Thursday, October 30, 2008

Politics at Work

At our last staff meeting, the Branch Manager politely asked us to refrain from heated political discussions. It's true that one shouldn't discuss politics at work; the heated arguments that often ensue can result in seriously damaged (or, in the worst cases, irreparable) working relationships. This is particularly the case when one is working with the public; we've been told not to discuss the election with our patrons (I can only imagine where those disagreements would lead!).

Still, it's nearly impossible not to express one's political views in this exciting time, when the debate about who will be the next United States President dominates the media. The number of extremists, people who will resort to drastic measures to ensure that "their" candidate is elected (or simply to guarantee that the other candidate loses) on each side is also petrifying, and is itself the topic of many conversations.

And it will be even more difficult to refrain from discussing the election on November 5, when many of us will be cheering and many of us will be dressed in mourning. But professionalism will dictate that we keep our opinions to ourselves. And that's as it should be.

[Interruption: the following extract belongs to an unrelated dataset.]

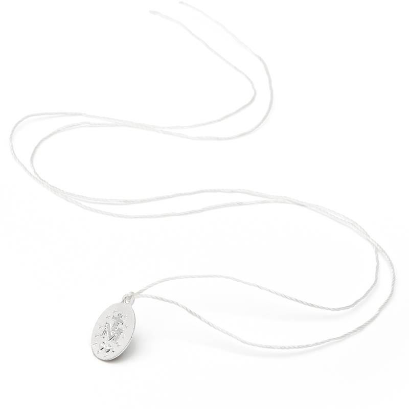 Metal | Cordão branco Medalha 1,2 x 2 cm Aprox. 34 cm de comprimento (cordão) Acompanha folheto 7 x 15 cm
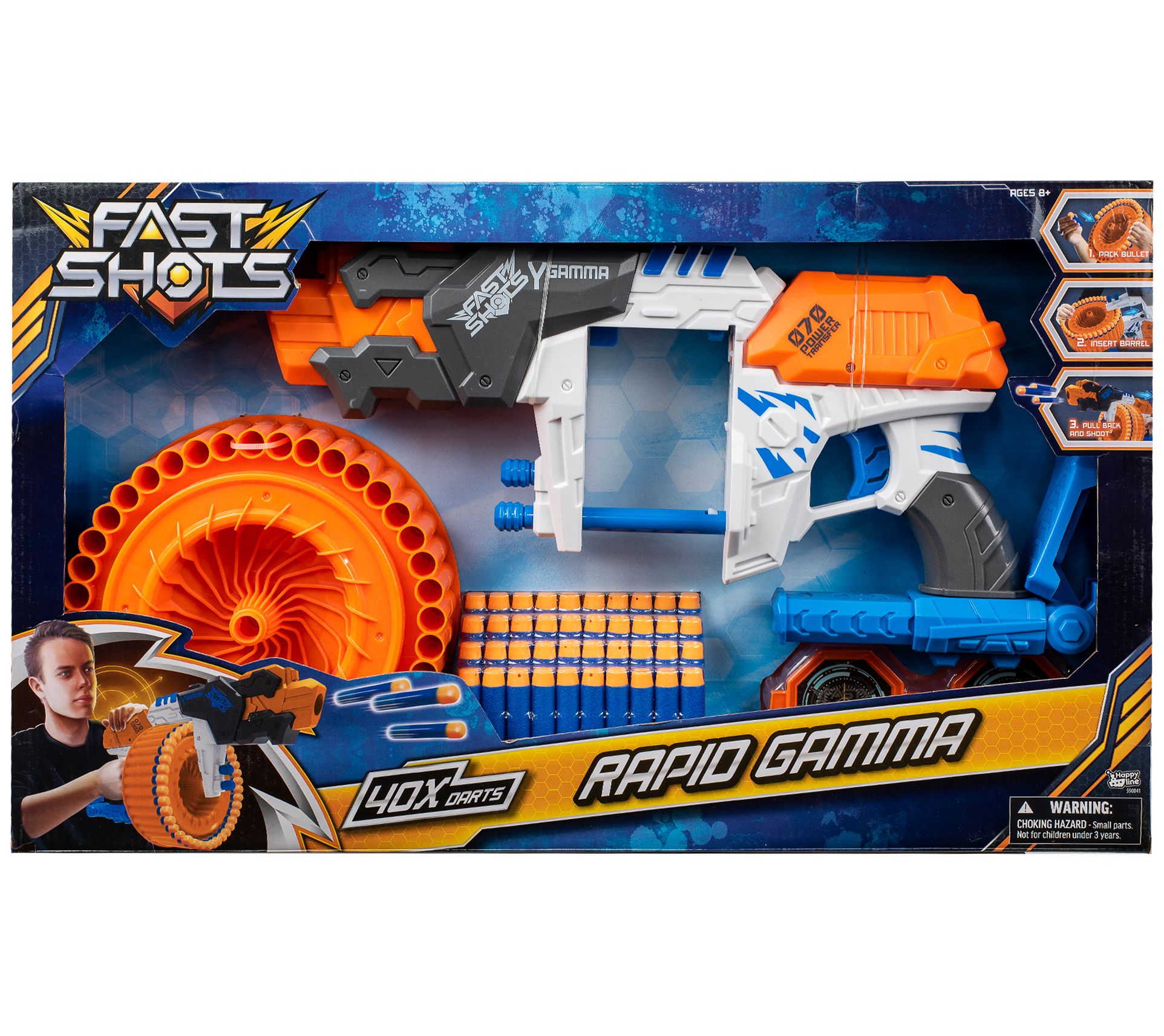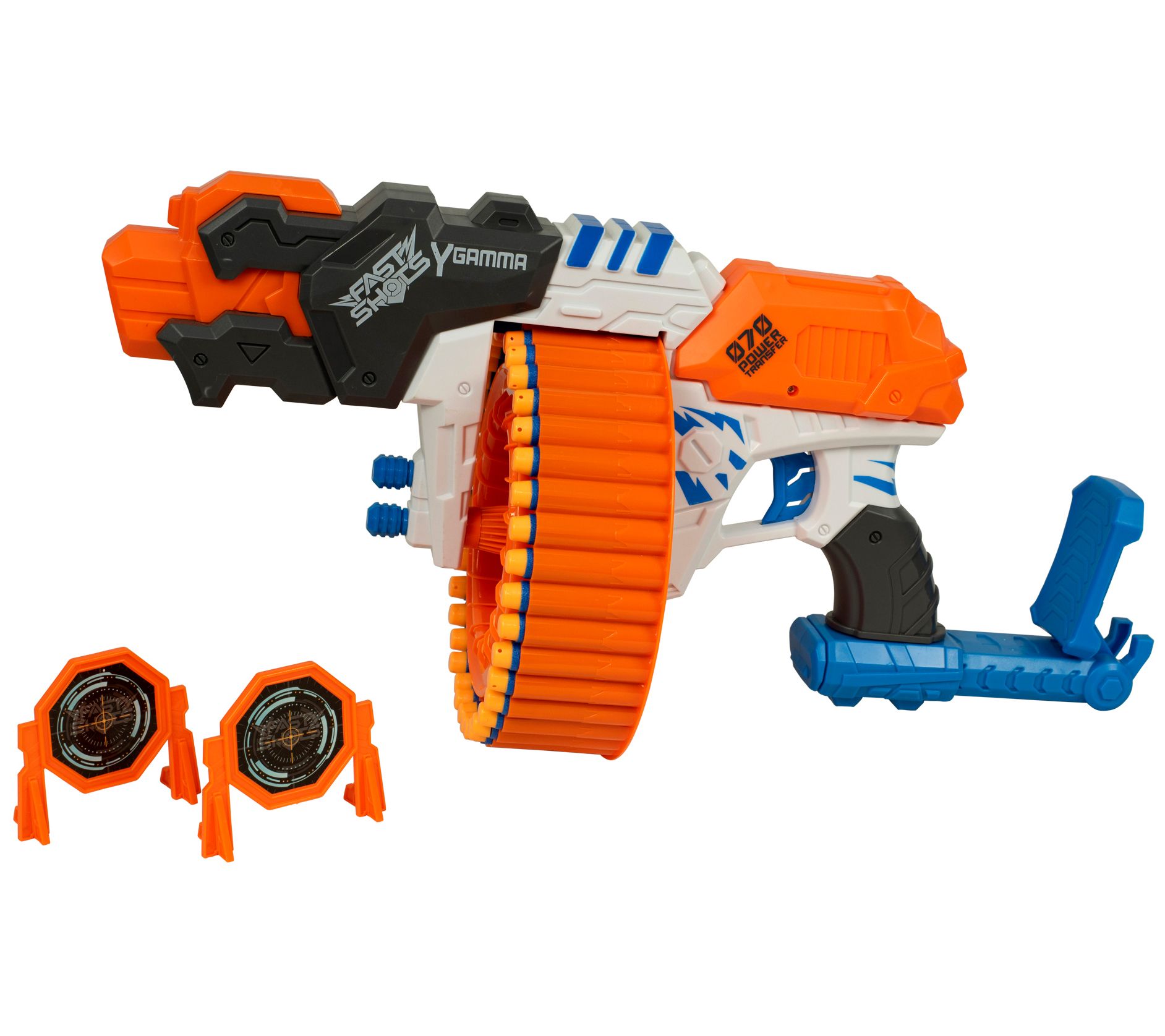 • Includes Rapid Gamma launcher, 40 foam darts, and two targets

Because, despite the comfort of our working environment, despite the often too-familiar attitudes of our patrons, we are professionals.

Still Struggling, But Better

The last time I wrote, which was in August, I was feeling fairly down about my professional life (as you could tell if you read the article!). Months later, I'm feeling more optimistic about librarianship, although I'm currently struggling to schedule programs for January. And I have to admit that my mind still isn't completely at work; it can't be, since I need to care for my son and the baby on the way.

My lack of sleep, my forty-minute commute, and my busy personal life leave me no energy to concentrate. Not only is this the case at work; it's also true of the passions that once defined me - reading and writing. Being in-between novels for so long is frustrating, yet I'm finding it difficult to discover one that absorbs me (I recently returned two to the library unfinished). And writing - when was the last time that I did that?

I've accepted this situation - at least for now. But I know that eventually I'll have to somehow find the energy to throw myself into work or into a hobby again; otherwise, I'll truly be unhappy.